An entry in the Vadsø parish
church register proclaims
that Mathis [sic] Jokela (Mikkelsen) married Emma Kristine Tiberg on
February 20, 1886, in Vadsø, Norway; that he was born in
Kittilä, Finland, on 24 February 1860; and that she was born
in Vadsø on 22 October 1859. Emma had celebrated her 26th
birthday four months before the wedding, while Matti celebrated
his 26th birthday four days after the wedding.
"Their home in Norway was a large frame house of fourteen spacious
rooms and two large halls," Dona Renne Meland says in My Family
History. "They owned the whole house, but occupied only the lower
floor. The yard was very large, with a high wooden fence surrounding it,
and a huge gate opening into the driveway."
The editor has, in his file, the above photograph of a house in
Vadsø. He is uncertain, however, whether it is the house of which
Dona speaks above.
Matti "was a tailor by trade... Emma, a dress- maker," Dona says. "My
grandmother tells of the many nights during the summer, that the two
of them would sew [by the light of the midnight sun] all through the
night finishing garments that grandfather had promised for a certain
time."
The Editor's Uncle Fred
The Editor's Aunt Mary
The Editor's Aunt Jo
Emma Kristine Jokela Mikkelsen gave birth to a son, Fredrick, who died
soon thereafter, probably in 1892.
The Editor's Mother
Emma's father Isak Pehrsen Tiberg died at age 67, in 1895, in
Vadsø.
The Editor's Uncle Andy
Andreas (now called Andrew) returned in 1950 with his wife Mary
to the scene of his birth. In her book The Northern Light,
Mary reports, "Andreas and Fru Lilleng came out, and were overjoyed
to see Emma Tiberg's son, the little two-year-old Andreas, now grown
to manhood! The fru bustled about at once, making open-faced
sandwiches and coffee, while her husband and we chatted in the parlor
about Emma's childhood home, which was still standing, but Your
home was bombed! Ach, I'll never forget those [World War II] days;
it's a wonder we didn't blow up ourselves.

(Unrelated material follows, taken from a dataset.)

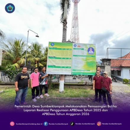 Pemerintah Desa Sumberklampok melaksanakan pemasangan baliho Laporan Realisasi Penggunaan APBDesa Tahun 2025 dan APBDesa Tahun Anggaran 2026 pada hari Kamis, 19 Februari 2026. Baliho tersebut dipasang di tempat-tempat strategis, yaitu di Halaman Gedung Posyandu Banjar Dinas Tegal Bunder, Halaman Kantor Perbekel Sumberklampok, Halaman Gedung Posyandu Banjar Dinas Sumberbatok, serta Halaman Banjar Adat Teluk Terima. Pemasangan ini bertujuan agar informasi terkait pengelolaan keuangan desa dapat diakses dengan mudah oleh seluruh masyarakat.

"Old Andreas Lilleng, dressed in knee-length boots and visored
captain's cap, as all Norskies, offered to take us, while his wife
was preparing lunch, to the Tiberg home and to the ruins of what was
the Parson's home in infancy.
"Only a gaping hole and the twisted ornamental railing and broken
front steps were left of the Parson's childhood home... Every second
lot held a yawning chasm where once quiet homes had stood."

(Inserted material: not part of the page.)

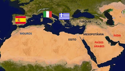 Agora, uma espécie de mapa das origens da Guitarra até chegar na Europa. Na figura acima, temos escrito em preto as regiões onde nasceram os primeiros instrumentos com cordas em formato similar com o que viria a ser a Guitarra. No caso o Egito, a Mesopotâmia e a Turquia. Nesses países, o Tanbur se consolidou como um instrumento popular, mas sofreu algumas modificações com o passar dos anos, o que ocorre nos países em vermelho (Índia e países árabes). Lá, os novos instrumentos são designados através da quantidade de cordas sobressaindo o Chartar (quatro cordas) que é levado para a Espanha através dos mouros (azul) e para o leste europeu por mercadores e viajantes (Grécia). Os Europeus criam a Chitarra e um novo país surge nesse mapa, de importância vital para que a Chitarra vire a Guitarra: a Itália.
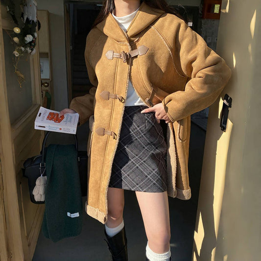 【アウター】 秋冬 スエード ホーンバックル フード付き コート

Mathias Jokela Mikkelsen marked his 40th birthday on January 22, 1900.
"...[He] was a very religious man," Dona says, "and he loved to sing
hymns. He had a good voice and my mother says she can still see him
pacing back and forth in the rooms, with his hands behind his back, and
singing old Lutheran hymns. On Sunday morning all the children were
dressed up, and had to sit in the living room while their father read
the Bible."
"In 1900," Dona says Matti and Emma Mickelsen, "... decided to migrate
to America because they believed that it was a land of more opportunity
for their children..."
"Matte left Norway because of the climate," Eila told Paul. "[The] family
came from Vadsø to Rovaniemi by... reindeer sleighs... to stop at
his brother's house... on the riverbank -- it is now a library..."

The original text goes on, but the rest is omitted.